Determining triangle type from three integer inputs

  • The logic is simple, but I was wondering if anyone could help with rewriting the conditional logic. Also, the only error conditions I can think of are the sides should not be equal to or less than zero. Are there any other error conditions that seem to occur to you?



    public class TriangleType {

    static Triangle getType(int a, int b, int c)
    {
    if(a<=0||b<=0||c<=0)
    throw new IllegalArgumentException("Length of sides cannot be equal to or less than zero");

    if(a==b&&b==c&&c==a)
    return Triangle.EQUILATERAL;
    else if((a==b)||(b==c)||(c==a))
    return Triangle.ISOSCELES;
    else if(a!=b&&b!=c&&c!=a)
    return Triangle.SCALENE;
    else
    return Triangle.ERROR;
    }


    public static void main(String[] args)
    {
    System.out.println(TriangleType.getType(13, 13, 0));

    }
    }

    enum Triangle
    {
    ISOSCELES(0),
    EQUILATERAL(1),
    SCALENE(2),
    ERROR(3);

    private int n;
    Triangle(int n)
    {this.n = n;}
    }

  • You could encapsulate the conditions in a PotentialTriangle class. Note that the fields are of type long to avoid overflow when calculating whether triangle inequality is violated.



    public class PotentialTriangle {
    private final long a, b, c;

    public PotentialTriangle(int sideA, int sideB, int sideC) {
    a = sideA;
    b = sideB;
    c = sideC;
    }

    public boolean isAnySideTooShort() {
    return a <= 0 || b <= 0 || c <= 0;
    }

    public boolean violatesTriangleInequality() {
    return a > b + c || b > a + c || c > a + b;
    }

    public boolean areSidesEqual() {
    return a == b && b == c;
    }

    public boolean areAtLeastTwoSidesEqual() {
    return a == b || b == c || c == a;
    }
    }


    This would vastly simplify your enum selection code, which I would put directly into the enum:



    public enum TriangleType {
    ISOSCELES,
    EQUILATERAL,
    SCALENE;

    public static TriangleType ofPotentialTriangle(PotentialTriangle triangle) {
    throwIf(triangle.isAnySideTooShort(),
    "Length of sides cannot be equal to or less than zero");
    throwIf(triangle.violatesTriangleInequality(),
    "Sum of any two sides must be larger than the remaining side");

    if (triangle.areSidesEqual()) {
    return EQUILATERAL;
    }
    if (triangle.areAtLeastTwoSidesEqual()) {
    return ISOSCELES;
    }
    return SCALENE;
    }

    private static void throwIf(boolean condition, String message) {
    if (condition) {
    throw new IllegalArgumentException(message);
    }
    }
    }

  • You've missed an error case called the "triangle inequality": the longest edge can't be longer than the sum of the other two. (If it's the same length then you probably want to consider that an error too because it reduces to a line segment).
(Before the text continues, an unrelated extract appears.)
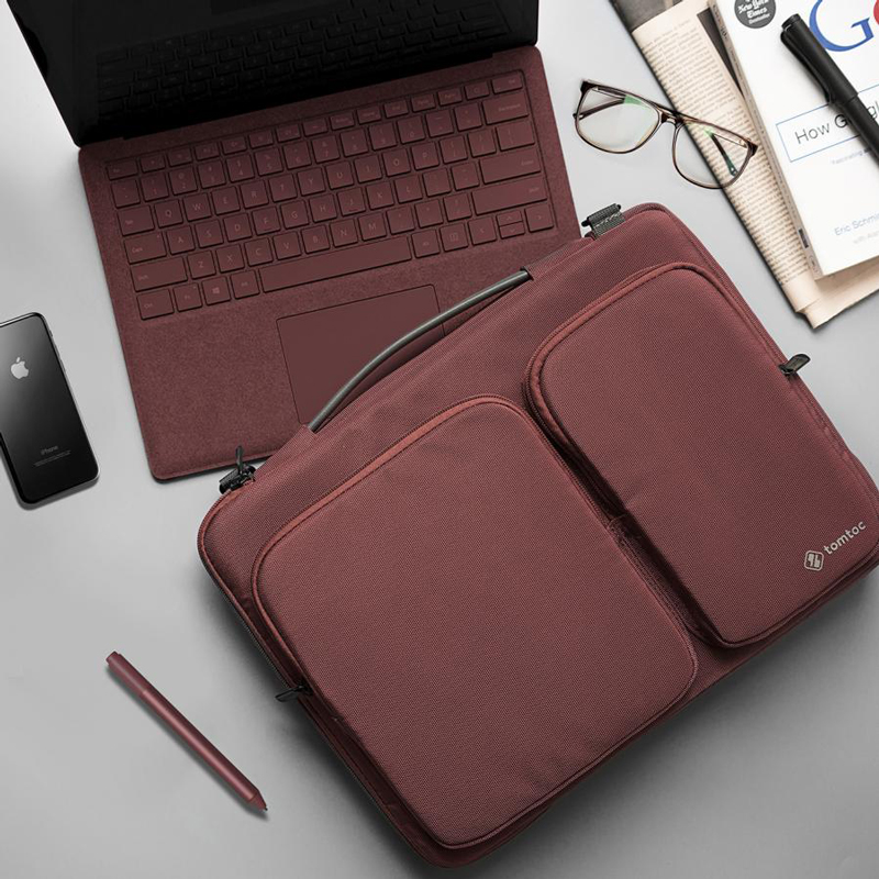 Túi xách chính hãng TOMTOC 360° Shoulder Bags dành cho Macbook Pro 13 inch với bên ngoài bằng chất liệu Polyester và Nylon kháng nước, bên trong túi trang bị thêm lớp lông mềm mượt giúp tăng sự đàn hồi, bảo vệ hoàn hảo chống va đập và trầy xước cho thiết bị của bạn.

To test this robustly requires taking into account overflow.



    It's a bit odd that you throw an Exception for some errors but return an error value for others. Since you're writing Java rather than C, favour throwing exceptions for exceptional cases.



        static Triangle getType(int a, int b, int c)
    {
    if(a<=0||b<=0||c<=0)
    throw new IllegalArgumentException("Length of sides cannot be equal to or less than zero");

    int max = Math.max(Math.max(a, b), c); // Or use :? if you prefer
    if (max == a)
    checkTriangleInequality(a, b, c);
    else if (max == b)
    checkTriangleInequality(b, a, c);
    else checkTriangleInequality(c, a, b);

    if(a==b&&b==c)
    return Triangle.EQUILATERAL;
    else if((a==b)||(b==c)||(c==a))
    return Triangle.ISOSCELES;
    else return Triangle.SCALENE;
    }

    private static void checkTriangleInequality(int max, int x, int y)
    {
    // Assume that we've already checked all three are > 0.
    // Therefore if x + y < 0 the sum overflowed and is greater than max.
    if (x + y > 0 && x + y <= max)
    throw new IllegalArgumentException("Triangle inequality violated");
    }

    Thanks for the input. How would you deal with overflow ?
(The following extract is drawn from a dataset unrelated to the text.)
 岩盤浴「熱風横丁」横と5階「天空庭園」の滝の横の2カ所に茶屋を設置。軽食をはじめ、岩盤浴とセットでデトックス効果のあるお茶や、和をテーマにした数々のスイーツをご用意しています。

    @Phoenix, see the comment in `checkTriangleInequality`.

  • The code seems to work...



    For enhancements:



    if (a == b && b == c && c== a)


    is redundant. Shorter is



    if (a == b && b== c)


    because in this case a == c holds always true.
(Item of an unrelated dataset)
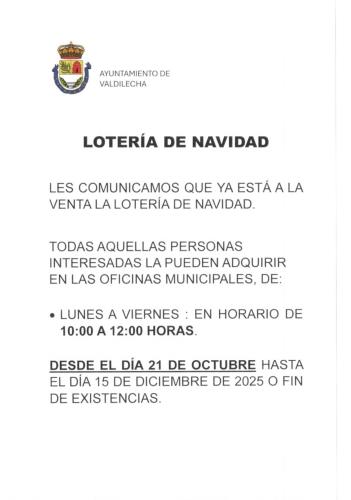 A partir del día 21 de octubre, de 10 a 12 horas, en las Oficinas Municipales, ya está disponible la Lotería de Navidad

    Also you should test the following



    if (a + b < c || a + c < b || b + c < a)


    because in this case it is no triangle.



    Else I personally cannot see how to really improve the conditions.


    Actually, if `a + b > c` etc. then it *is* a valid triangle; if `a + b < c` etc. then the triangle is invalid.

    My fault. I meant `c > a + b`. Long time ago that I had math in school. Corrected answer.

    One post below points out only the longest edge cannot be less than sum of the other two. Do we test only that or sum of any two must not be less than the third ?

    I don't understand your question. The longest edge cannot be longer than the sum of the other two therefore we have to check all edges. The code in the next answer does the same as my code, it is only structured in another way.

    I meant to say you are checking for sum of any two sides not greater than 3rd (for all the sides) but the code below checks only for the max side is less than sum of the other two sides.

    As I mentioned already the code is functionally the same and I also think that the performance is equal. Therefore this is only a sample that shows that there is never only a single valid solution.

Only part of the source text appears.